Occasionally, Manta reports INDEL variants (deletions with inserted sequences), causing discrepancies between SVLEN and END-POS.
Reported SV types
The current pipeline only reports deletions and duplications, not other structural variant types (such as insertions).
Filtering of CNVs
The minimum solution currently lacks in-ELLA filtering capabilities, such as trio filtering or combining SNV and CNV findings for recessive genes. Thus, the minimum solution is primarily suited for smaller gene panels where a large number of CNVs is not expected. CNVs are annotated and filtered upstream of ELLA, as shown in Figure 1 below.
Figure 1: Data preprocessing, including filtering, prior to import into ELLA. Yellow rectangles indicate steps that remove variants. Due to technical limitations, VEP only annotates variants in the size category <10 Mb; variants >10 Mb lack a CSQ (consequence) value.
Only CNVs within 1 kb of transcripts in the relevant gene panel are retained. Frequency filtering is conducted using caller-specific databases to account for caller-specific artifacts. These frequency databases do not differentiate between heterozygous and homozygous variants or account for sex for X-chromosome variants. The databases are generated as described in the procedure HTS Bioinf - Update of in-house annotation data.
Calling small CNVs is known to be technically challenging (see Table 2), leading to a large number of calls in this size range. Starting with anno-targets version 2.17.0, CNVs <1 kb that do not overlap coding regions are hard-filtered during preprocessing (see Figure 1).

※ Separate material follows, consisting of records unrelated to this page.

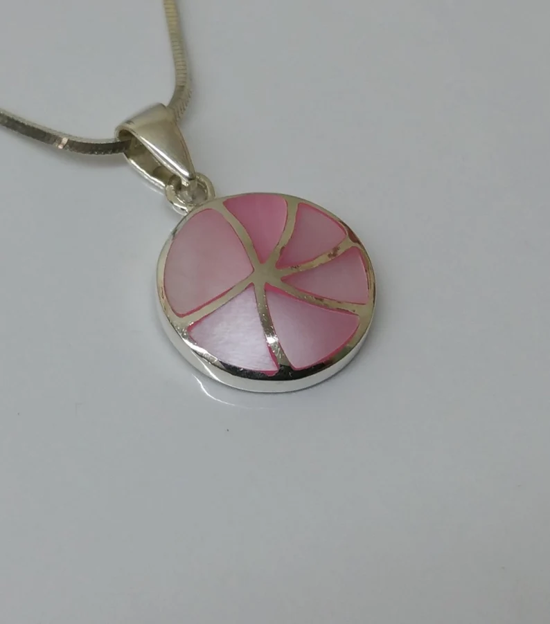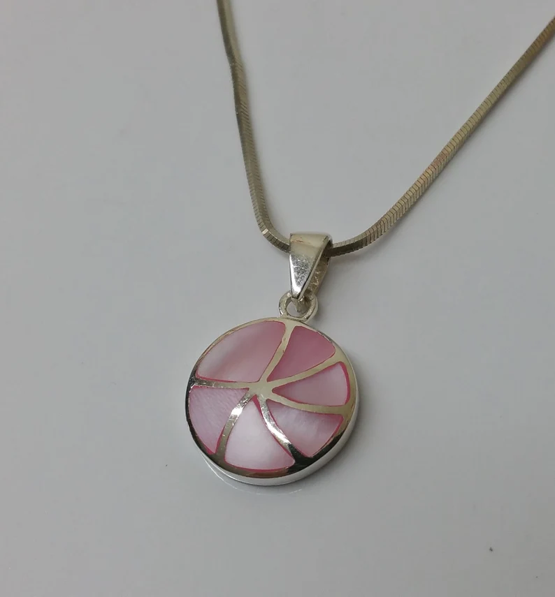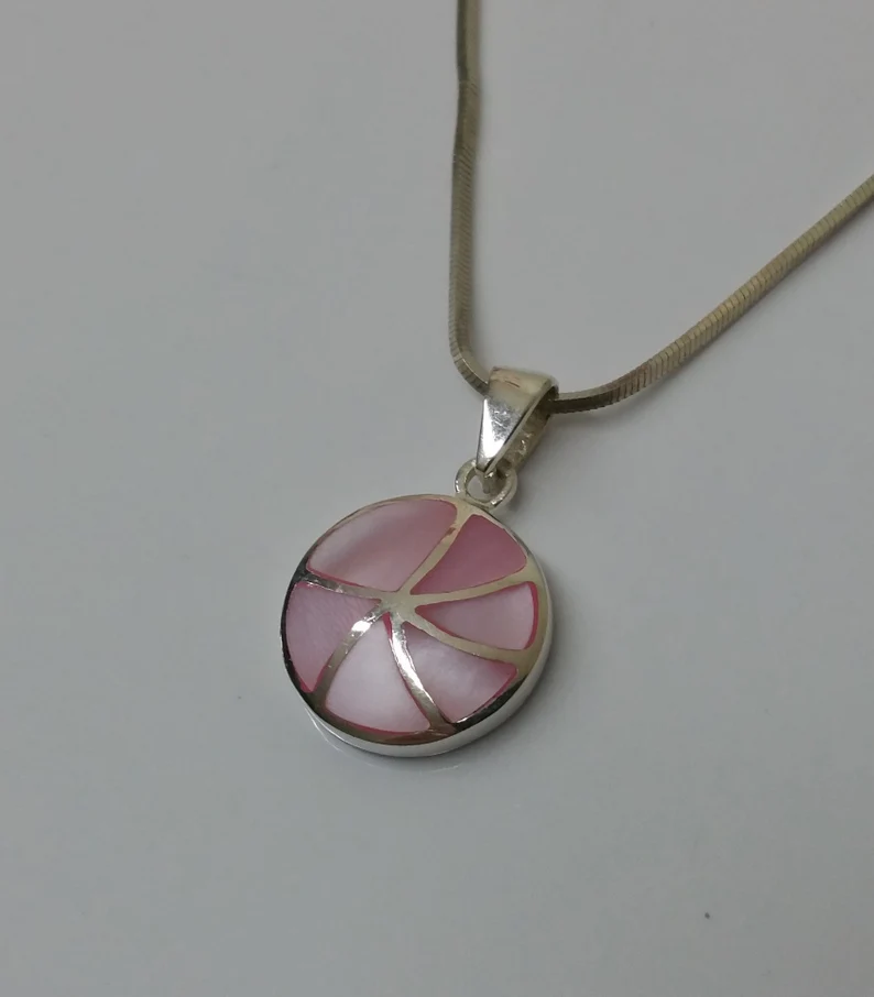 Schöner Anhänger mit rosa Perlmutt-Einlage in Form einer Spirale.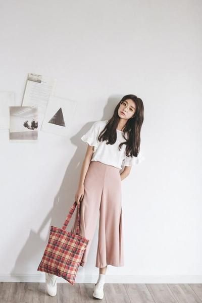 Giống như chân váy suông dài, quần culottes có khả năng che đi nhược điểm ở bụng và chân một cách tinh tế. Bạn có thể kết hợp quần này với áo thun hoặc sơ mi, tạo ra phong cách năng động và thoải mái khi đi học theo kiểu Hàn Quốc.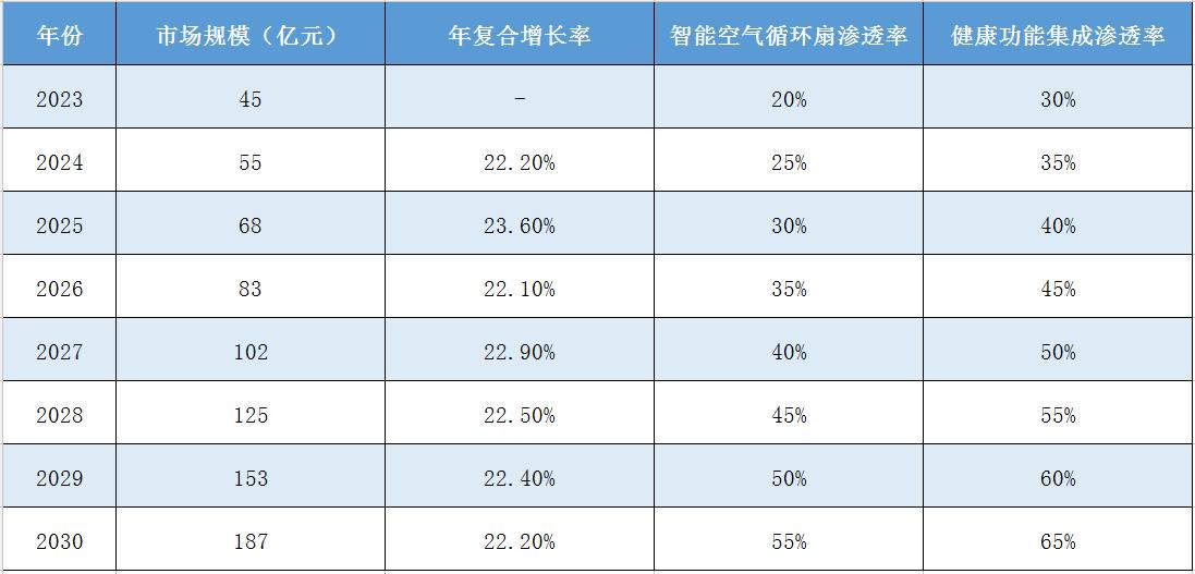 根据中研普华产业研究院《2025-2030年中国空气循环扇行业市场调研分析及投资战略研究报告》预测,未来五年中国空气循环扇市场将保持持续增长态势。随着消费者对健康、舒适生活环境的追求以及智能家居的普及,空气循环扇的市场需求将持续增长。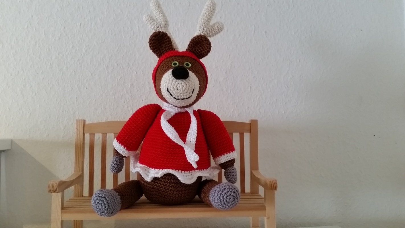 Raphaela Rentier wird, unter Verwendung des angegebenen Materials, sitzend 23 cm groß (ohne Geweih). Ich persönlich empfehle für das Nacharbeiten all meiner Kuscheltiere und Puppen Baumwollgarn.

Those regions are defined as regions with the following consequences (VEP CSQ field) in all transcripts:
- intron_variant
- intron_variant&non_coding_transcript_variant
- intron_variant&downstream_gene_variant
- downstream_gene_variant
- feature_truncation&intron_variant
- a set of (intron_variant, downstream_gene_variant).
It is acknowledged and accepted that some true-positive intronic CNVs may be filtered out using this method.